Теперь он даже и не ходит
в дальний конец сада.
* * *
Так бегун, уже выбившись из сил, следующему
передает светлую деревянную палочку, —
но что отдаст моя рука? есть ли в ней ветвь,
которая позже расцветет или запылает?
* * *
Неужели я сумел это увидеть: кисть заката
на шероховатом холсте земли,
золотое масло вечера на лугах и рощах?
Впрочем, это напоминало
лампу на столе, где лежит хлеб.
* * *
Теперь, когда ноги подкосились, вспомни,
найди в этом тумане ослабевшими руками
и возьми, чтобы подстелить страданью,
хоть немного соломы в морщинистую ладонь,
может быть, она засветится в твоей горсти,
словно вода времени.
* * *
День, чуть ярче окрасивший камни, чуть удлинившийся,
можешь ли ты спасти мое сердце?
Солнце, забывшее робость, солнце, идущее в рост,
спаяй его своим оловом.
Свет, встающий сводом, приподнимающий мрак,
свет, стряхнувший с плеч зимнюю стужу,
я искал одного — понимать тебя, быть верным тебе.

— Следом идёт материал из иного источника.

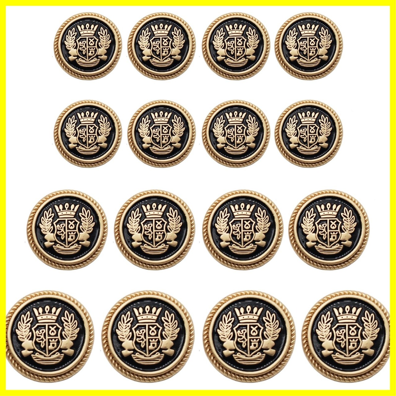 BLOOPIC ブレザー ボタン メタルボタン 16個セット 直径15mm/20mm/25mm 学ラン ブレザー交換用 おしゃれ アクセサリー DIY 手作り (サンドゴールド+ブラック)
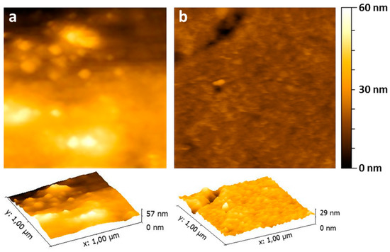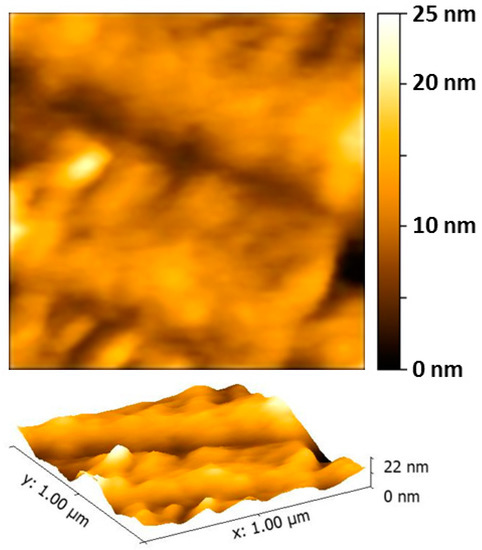 Finally, the effect of pH on the Au-3MPS@sPEEK membrane has been tested, by dipping the samples at pH = 5 and pH = 2. The measurements at different pH levels showed no particular differences. It is certain that the hydration of the membrane is not instantaneous, and that it is reversible. In fact, after keeping the membrane wet for 1 h upon the deposition of one drop, drying, and measuring its roughness, a maximum height of 113 nm was reached, with a roughness of 8.98 nm, evaluated on a 1 μm × 1 μm area. On the other hand, 1 h after drying, it is possible to observe a partial reduction of the roughness, with a value of 1.49 nm (Figure 8).

Настал февраль, и ты распрямляешься мало-помалу,
медленно, словно борец, брошенный наземь,
но теперь берущий верх, —
подними и меня на своих плечах,
промой мне глаза, развей этот сон,
оторви меня от земли, чтобы я малодушно
прежде времени не забивал ею рот.
Я теперь могу говорить лишь обрывками,
похожими на камни, которые собираешь
вместе с приросшей к ним тенью,
спотыкаясь о них… разметанными
так, как никогда не раскатятся камни.
* * *
Но быть может, мы в силах каждый день чинить
рваную сеть — ячея за ячеей, —
как если бы там, высоко-высоко,
мы сшивали, звезда за звездою, ночь…
* * *
(Молитва умирающих: жужжанье
черных пчел, достающих свой взяток
из самой сердцевины исчезнувших цветов,
чтобы сделать мед, какого мы
не пробовали никогда.
Как будто доносится пение монахов,
живущих на крыше мира
в храмах, которые подобны крепостям
и стоят на пути неведомых ветров,
вбирая, как раковины, их яростный гул.
Грохочет монастырский гонг,
или, может быть, расседается ледник…
Сами же их голоса сильнее
и ниже любого из тех, что мы слыхали, —
словно жуют свою псалтырь быки,
которых впрягли по нескольку в упряжку,
чтоб они, не отдыхая, могли распахать
отверделое поле вечности.
Ровно ли они вели борозду,
от рассвета и до заката
волоча свой плуг, где лемехом — ледник?
Их голоса, соразмерные горам,
всегда ли соблюдали эту меру?
Мы слышим их теперь издалека,
мы, заики, с голосами сорванными,
развеянными, как солома при дуновении ветра.)
* * *
В горах, в неподвижном воздухе дня
и в молоке света,
залившем ветви еще голого орешника,
после долгой тишины
журчанье воды,
на какой-то миг вышедшей к тропе, —
воды, которую уже слышат
эти сверкающие почки,
эти стеклышки, блестящие в пыли, —
ее чистый и слабый голосок
испуганной синицы.
* * *
Сегодня утром в тумане плыло круглое зеркало,
серебрящийся диск, готовый стать золотым,
стоило лишь вглядеться, чтобы увидеть в том диске лицо
женщины, нежно с него смывающей
следы ночной темноты…
* * *
И хотя день еще сер,
везде, как языки бледного огня, струятся
свежие побеги лип…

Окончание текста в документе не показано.